▼

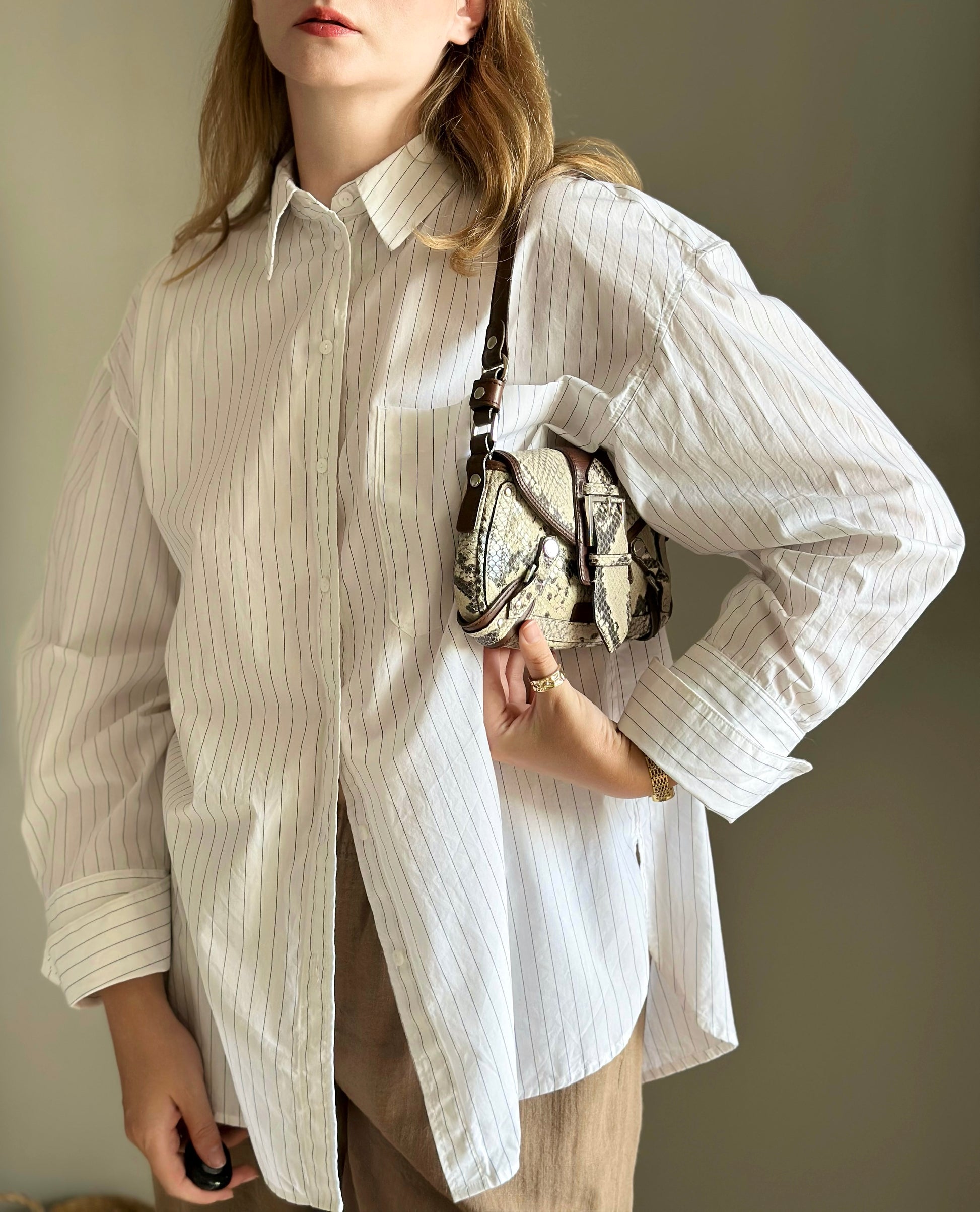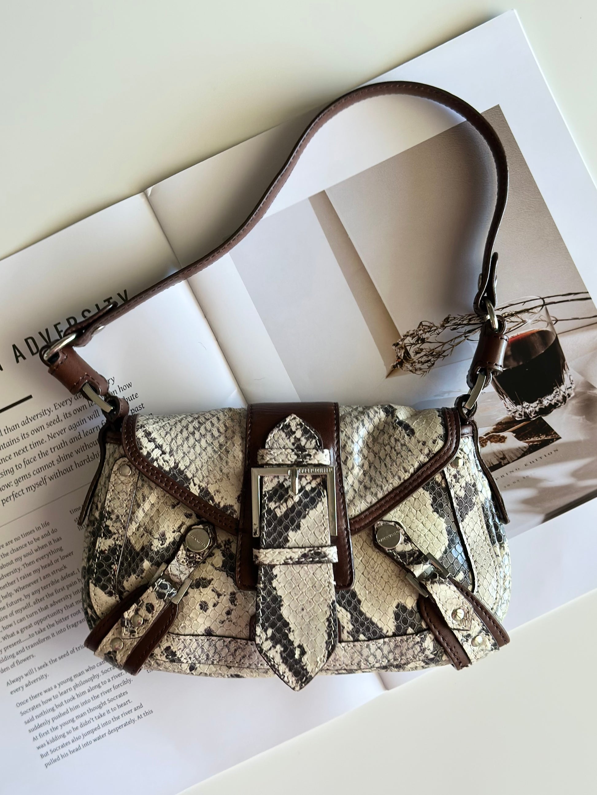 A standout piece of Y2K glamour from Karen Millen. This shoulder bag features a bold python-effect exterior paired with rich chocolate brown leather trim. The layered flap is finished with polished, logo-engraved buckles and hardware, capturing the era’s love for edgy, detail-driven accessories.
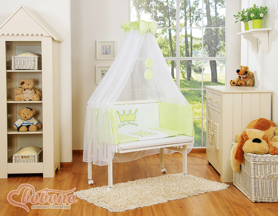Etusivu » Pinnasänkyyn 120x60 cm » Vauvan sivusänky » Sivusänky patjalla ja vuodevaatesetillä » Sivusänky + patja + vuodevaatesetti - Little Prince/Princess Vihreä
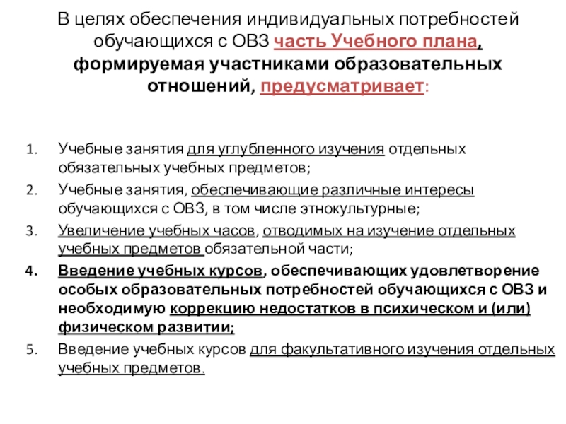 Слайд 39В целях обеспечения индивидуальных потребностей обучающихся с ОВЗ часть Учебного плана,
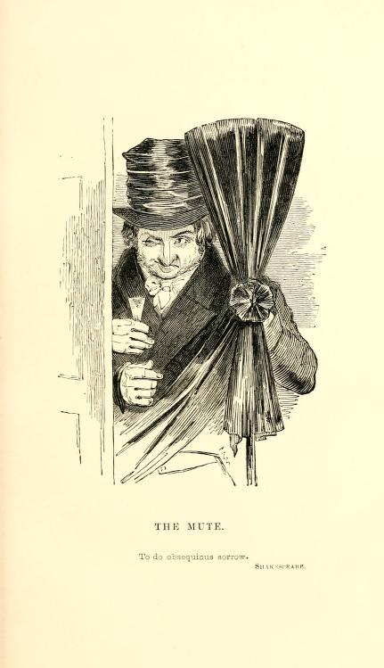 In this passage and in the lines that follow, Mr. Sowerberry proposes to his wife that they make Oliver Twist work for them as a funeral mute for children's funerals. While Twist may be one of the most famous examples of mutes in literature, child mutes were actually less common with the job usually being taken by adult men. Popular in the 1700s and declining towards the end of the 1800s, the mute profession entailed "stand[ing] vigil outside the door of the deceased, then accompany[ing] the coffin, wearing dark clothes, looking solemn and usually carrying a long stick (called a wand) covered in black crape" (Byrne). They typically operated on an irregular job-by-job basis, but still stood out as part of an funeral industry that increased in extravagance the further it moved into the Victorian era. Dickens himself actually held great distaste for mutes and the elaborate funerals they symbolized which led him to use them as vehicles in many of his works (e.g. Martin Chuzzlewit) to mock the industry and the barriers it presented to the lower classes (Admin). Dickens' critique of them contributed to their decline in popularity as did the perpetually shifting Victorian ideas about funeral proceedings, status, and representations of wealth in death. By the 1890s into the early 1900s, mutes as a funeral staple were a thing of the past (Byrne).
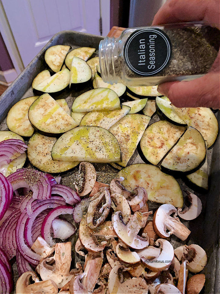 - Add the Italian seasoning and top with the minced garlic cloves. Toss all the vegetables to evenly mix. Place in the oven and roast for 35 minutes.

▲

→ Directions
Take the lines of the material above from the first through the one containing "Слайд 39В целях", both included, and print them exactly without the pictures.

→ Answer box
 A standout piece of Y2K glamour from Karen Millen. This shoulder bag features a bold python-effect exterior paired with rich chocolate brown leather trim. The layered flap is finished with polished, logo-engraved buckles and hardware, capturing the era’s love for edgy, detail-driven accessories.
Etusivu » Pinnasänkyyn 120x60 cm » Vauvan sivusänky » Sivusänky patjalla ja vuodevaatesetillä » Sivusänky + patja + vuodevaatesetti - Little Prince/Princess Vihreä
 Слайд 39В целях обеспечения индивидуальных потребностей обучающихся с ОВЗ часть Учебного плана,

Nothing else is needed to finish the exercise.